現在のバージョンのプラグインは以下のファイルを出力します。
[ファイル名]_R.tif
Rチャンネルファイル
[ファイル名]_G.tif
Gチャンネルファイル
[ファイル名]_B.tif
Bチャンネルファイル
[ファイル名]_Dark.tif
暗部補正用画像ファイル
[ファイル名]_G+R.tif
暗部補正用G+Rチャンネル50%対50%混合画像ファイル
[ファイル名]_B_Background.tif
遠景補正用Bチャンネル30%+Gチャンネル+30 70%混合画像ファイル
[ファイル名]_B_foreground.tif
近景補正用Bチャンネル30%+Gチャンネル70%混合画像ファイル
[ファイル名]_R+128.tif
近景補正レイヤーマスク用 Rチャンネル+128画像ファイル
[ファイル名]_Binary_Mask.tif
遠景補正レイヤーマスク用 二値化画像ファイル
[ファイル名]_Periphery_Adjst_Mask.tif
Bチャンネル周辺部分情報抜け補正用マスク原稿画像ファイル
なお、オリジナルファイルが16bitの場合は、最後の二値化画像ファイル(8bit)を除いてすべて16bitファイルになります。ImageJでの作業は以上で終了です。

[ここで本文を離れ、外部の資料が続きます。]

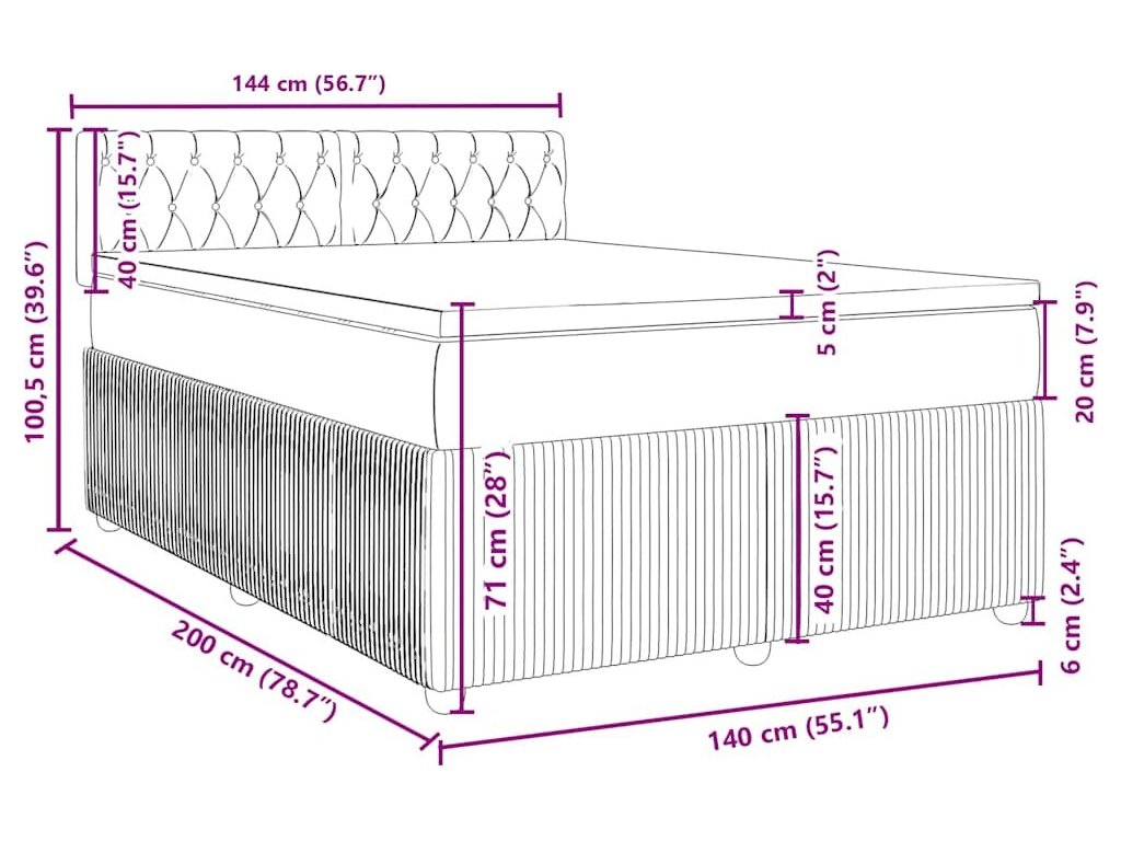 - Rozměry: 140 x 200 x 20 cm (Š x D x V)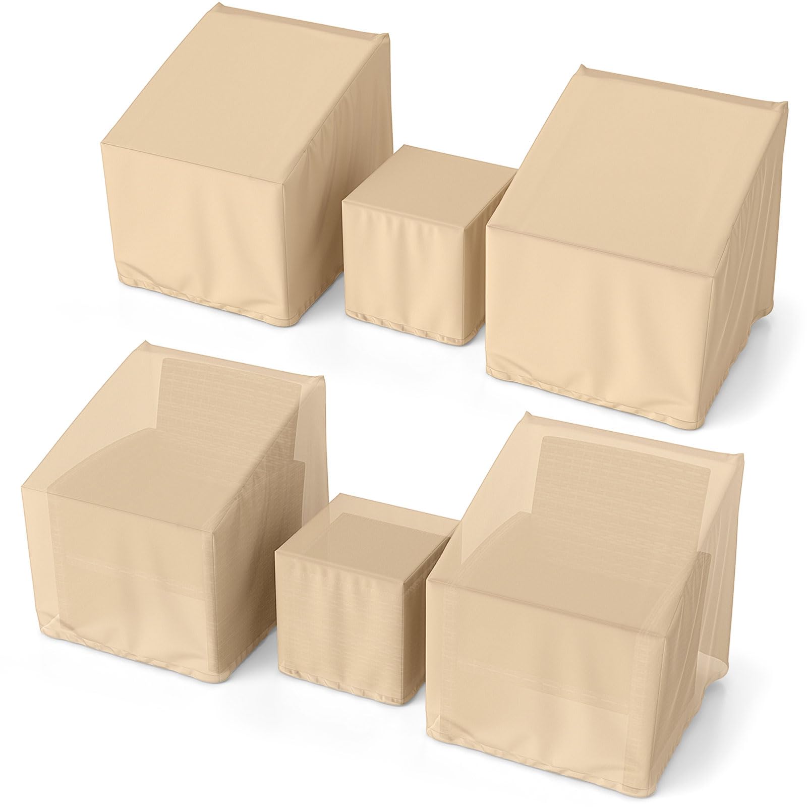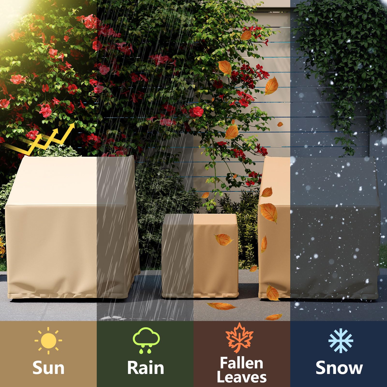 This 3-piece cover set is tailored to shield 2 chairs and a coffee table from the elements, ensuring that your setup remains pristine and ready for use all year round. Made of premium polyester fabric with PU coating, the patio chair and table covers are resistant to sun, tear and wear. Engineered for better wind-proof performance, the covers are equipped with adjustable drawstring that cinches tightly around the base of your furniture. Thus, your furniture is preserved season after season with these reliable covers.

※なお、ImageJの仕様のためか、ここで加工した16bitファイルは、GIMPで読み込む時にエラーメッセージが出ますが、実際に作業をする上では支障になりません (私の環境では)。また、やはりそのせいか、それらのファイルをIrfanVIewで読み込ませると加工前の状態の画像が表示されますが(他の画像ビュワーソフトでもそうなる可能性あり)、実際にはちゃんと加工されています。Windows標準のフォトビュワーで見れば正しく表示されます。
8bit画像では、問題がないようです。
なお、本連載記事で紹介した写真補正技法やソフトウェア (Plug-in) は、個人的および非営利用途であれば、自由に使っていただいて構いませんが、本技法を使って何らかの成果 (編集した写真等) を公表する場合は、本記事で紹介した技法を使った旨クレジットをつけて公表していただくことをお願いします。
また、本ソフトウェアは現状のまま提供されるものし、作者はこれを使ったことによるいかなる損害補償等にも応じられないことを了解の上使っていただくものとします。
但し、もしソフトウェアのバグがありましたら、ご連絡いただければなるべく改善するよう努めたいと思います。